Online astronomical exoplanet catalog and data service

The NASA Exoplanet Archive (NEA) is an online astronomical exoplanet catalog and data service that collects and serves public data that support the search for and characterization of extra-solar planets (exoplanets) and their host stars. It is part of the Infrared Processing and Analysis Center and is on the campus of the California Institute of Technology (Caltech) in Pasadena, California. The archive is funded by NASA and was launched in early December 2011 by the NASA Exoplanet Science Institute as part of NASA's Exoplanet Exploration Program. As of , the archive lists confirmed exoplanets in its collection.

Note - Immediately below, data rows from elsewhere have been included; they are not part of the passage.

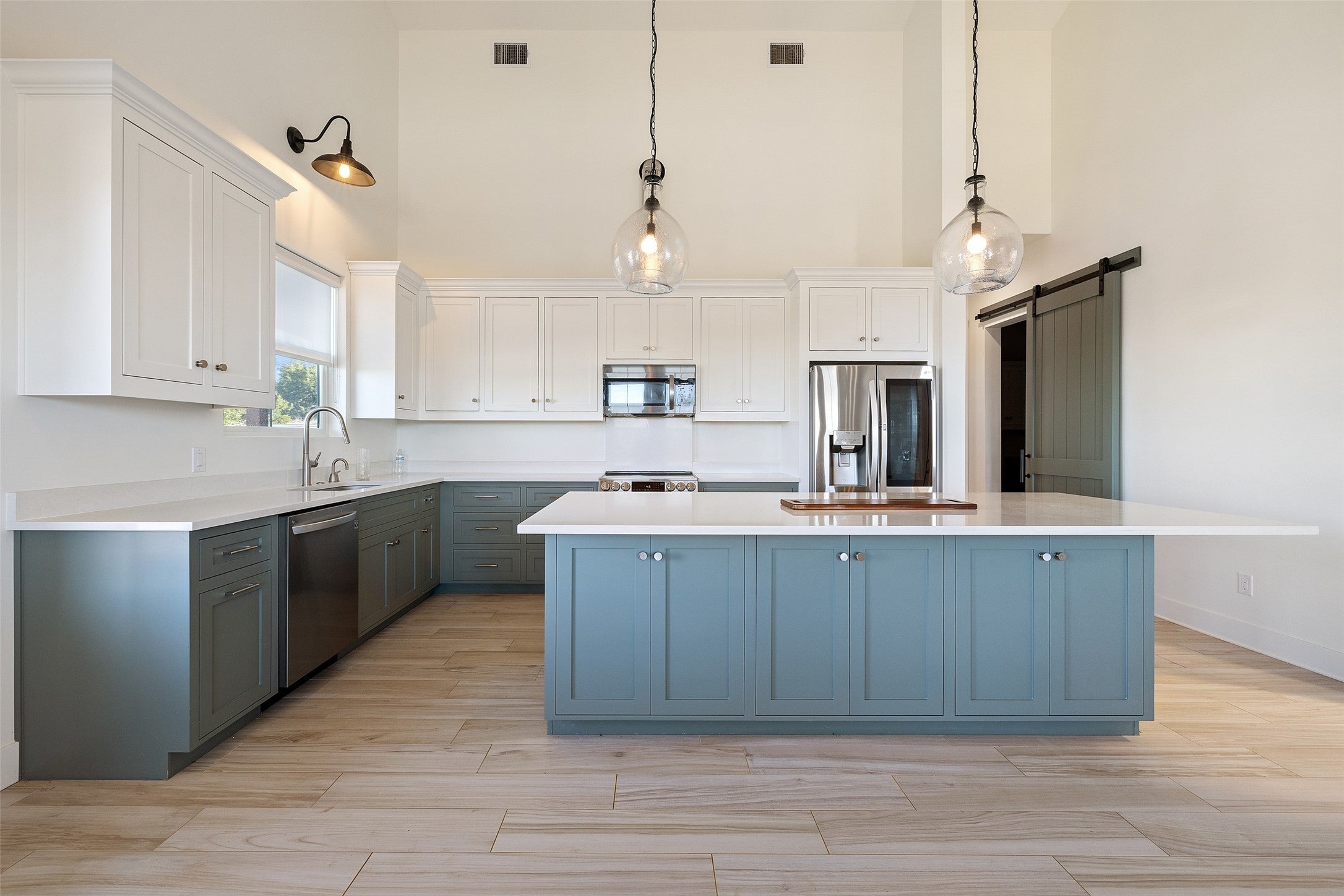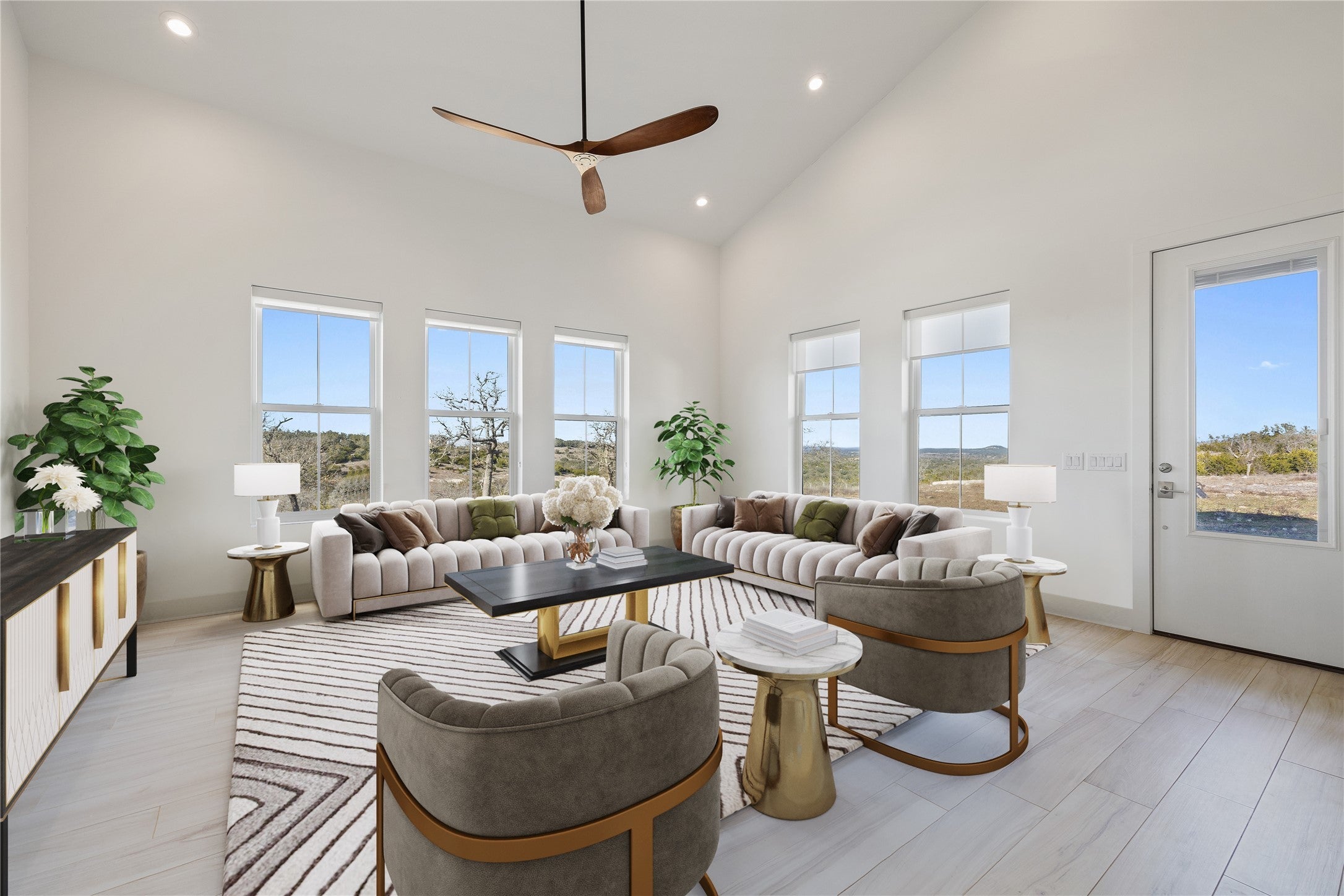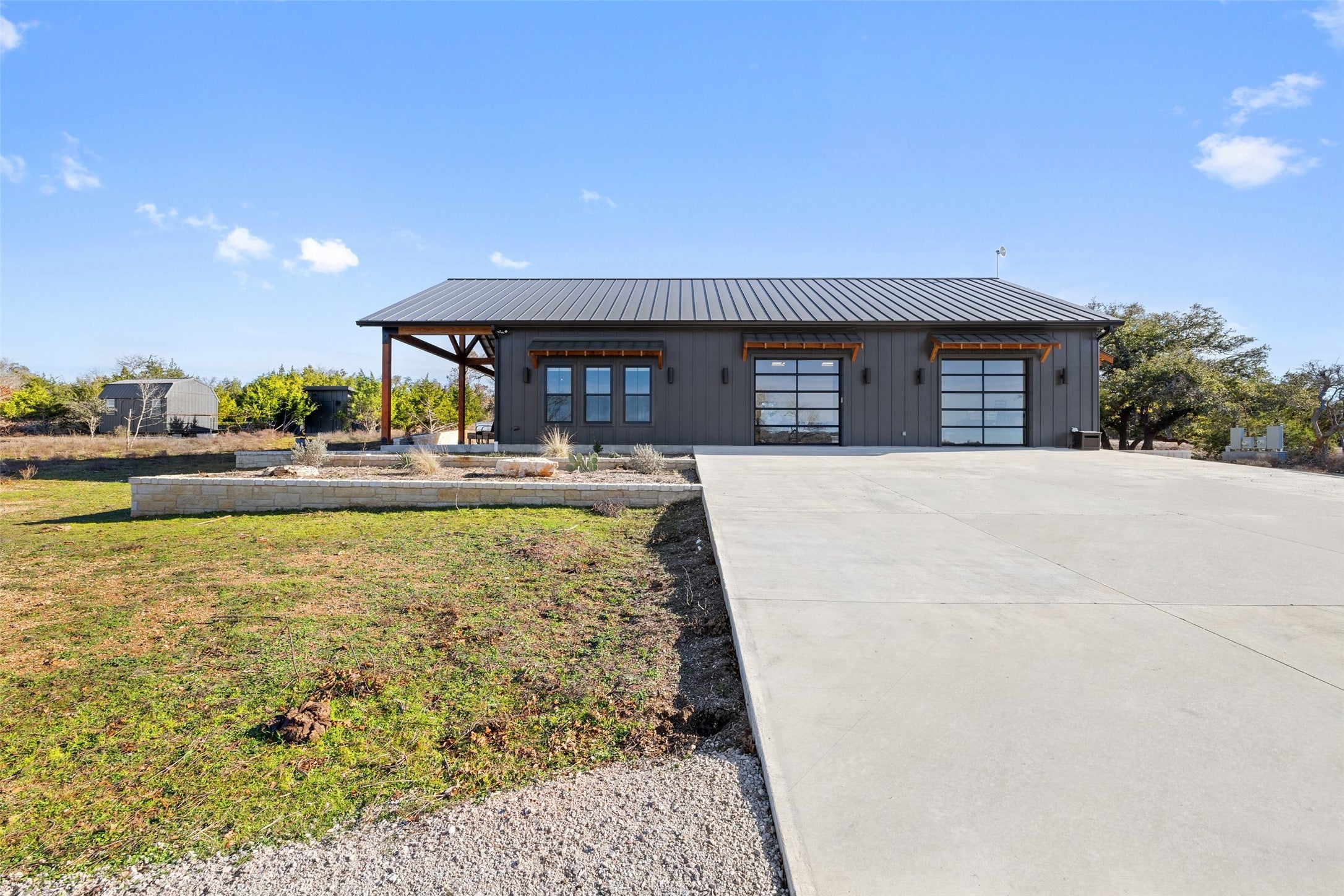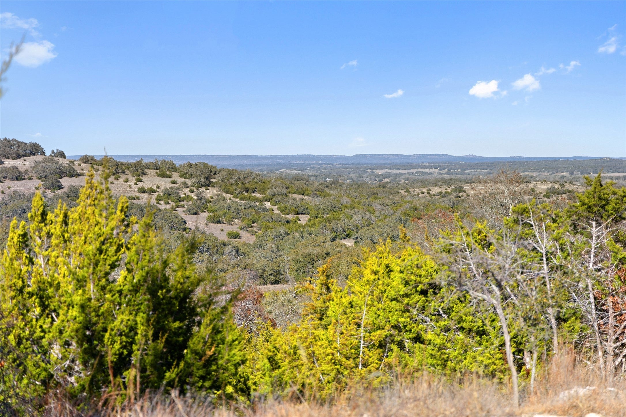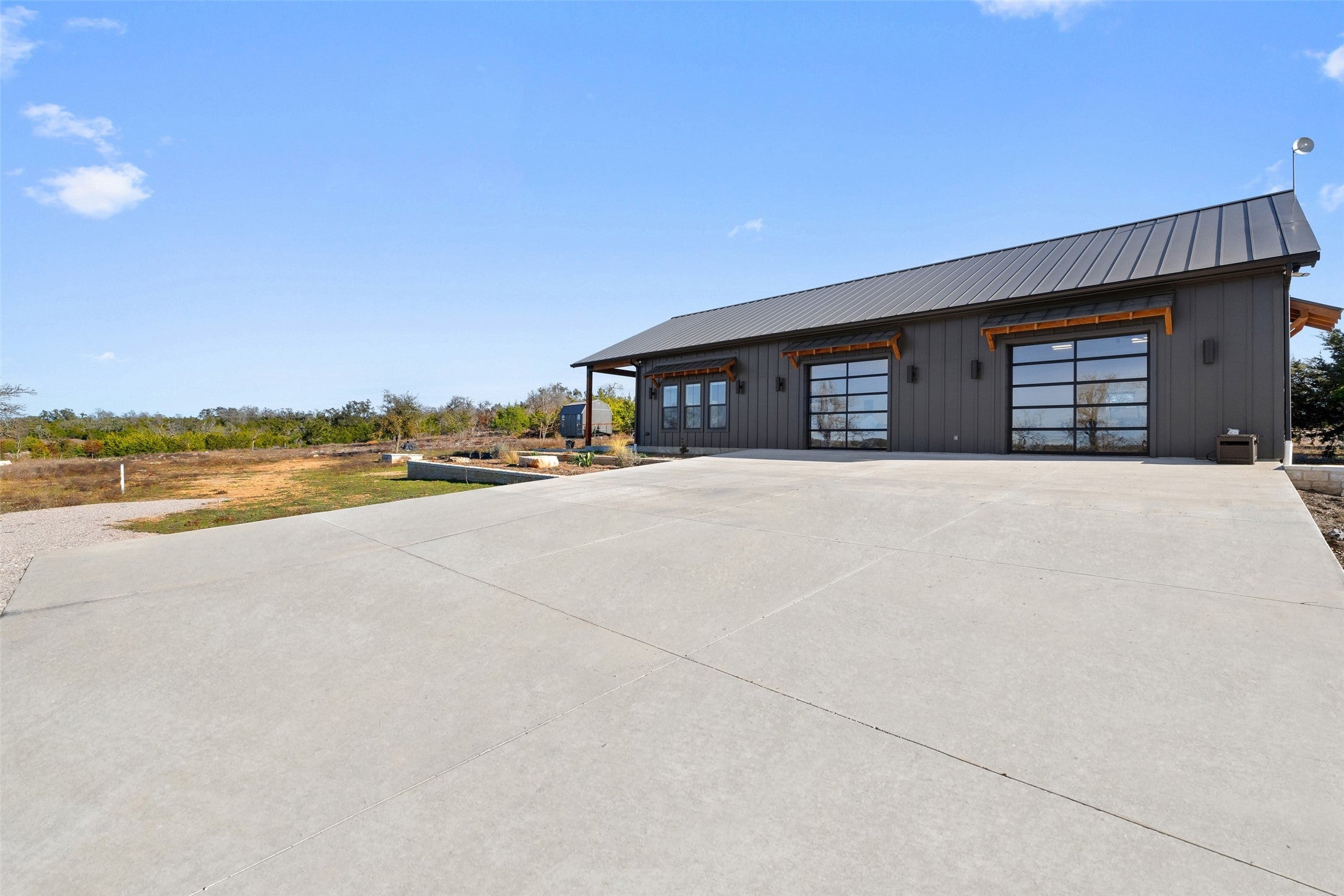 Exceptional barndominium nestled on 13.59 acres in Blanco, Texas! This newly constructed custom home sits atop the property, providing breathtaking views and utmost privacy. Positioned within The Divide, a charming 20-parcel acreage sub-division boasting a gated entrance and paved roads. The residence spans 1,100 SF, featuring 1 bedroom, 1 1/2 baths, and a walk-in pantry/laundry room. The attached 1,460 SF shop is climate-controlled, adaptable for use as a garage, living space, or a vibrant party/game room. Enjoy the spaciousness enhanced by a 23' vaulted ceiling in the shop, living, and patio areas. Revel in the expansive covered and uncovered patio spaces. Inside, discover porcelain plank tile in the living area and epoxy flooring in the shop. The chef's kitchen boasts custom cabinetry, an island, and quartz countertops. The property is adorned with a variety of Oak trees and cedar, offering a serene environment. The large, clear area below invites recreation, hiking, or the potential for additional structures. Water is efficiently supplied by a complete well system with a 2500-gallon storage tank and an engineered reverse osmosis water treatment system. An additional 2500-gallon rainwater collection tank complements the property. Exterior features include stained Douglas fir beams and posts, architectural cedar awnings, a mason stone fire pit, and extensive limestone wall landscaping. Conveniently located just minutes from Johnson City, Blanco, and Fredericksburg, the property benefits from the current Ag exemption. This is a rare chance to own a secluded piece of the Hill Country, less than an hour's drive from both Austin and San Antonio. Seize the opportunity for Hill Country living at its finest!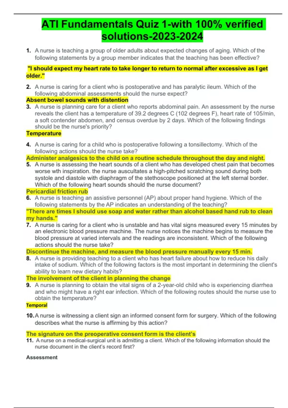 ATI Fundamentals Quiz 1-with 100% verified solutions-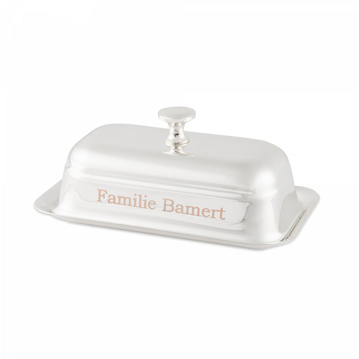 Eine personalisierte versilberte Butterdosen sind nicht nur praktisch, sondern dient auch als stilvolles Dekorationselement! Die praktische Grösse eignet sich ausgezeichnet für 180g Vorzugsbutter. Die Dose gehört zur Grundausstattung eines jeden Haushalts und passt sich harmonisch jedem Einrichtungsstil an – egal ob traditionell oder zeitgemäss.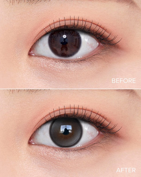 Natural teary eyes with a dual highlight pattern meets on-the-glow color for a glistening, dimensional gray gaze. Balanced enlargement with a 13.3 mm graphic.

The archive's data include published light curves, images, spectra and parameters, and time-series data from surveys that aim to discover transiting exoplanets. The archive also develops Web-based tools and services to work with the data, particularly the display and analysis of transit data sets from the Kepler mission and COnvection ROtation and planetary Transits (CoRoT) mission, for which the Exoplanet Archive is the U.S. data portal. Other astronomical surveys and telescopes that have contributed data sets to the archive include SuperWASP, HATNet Project, XO, Trans-Atlantic Exoplanet Survey and KELT.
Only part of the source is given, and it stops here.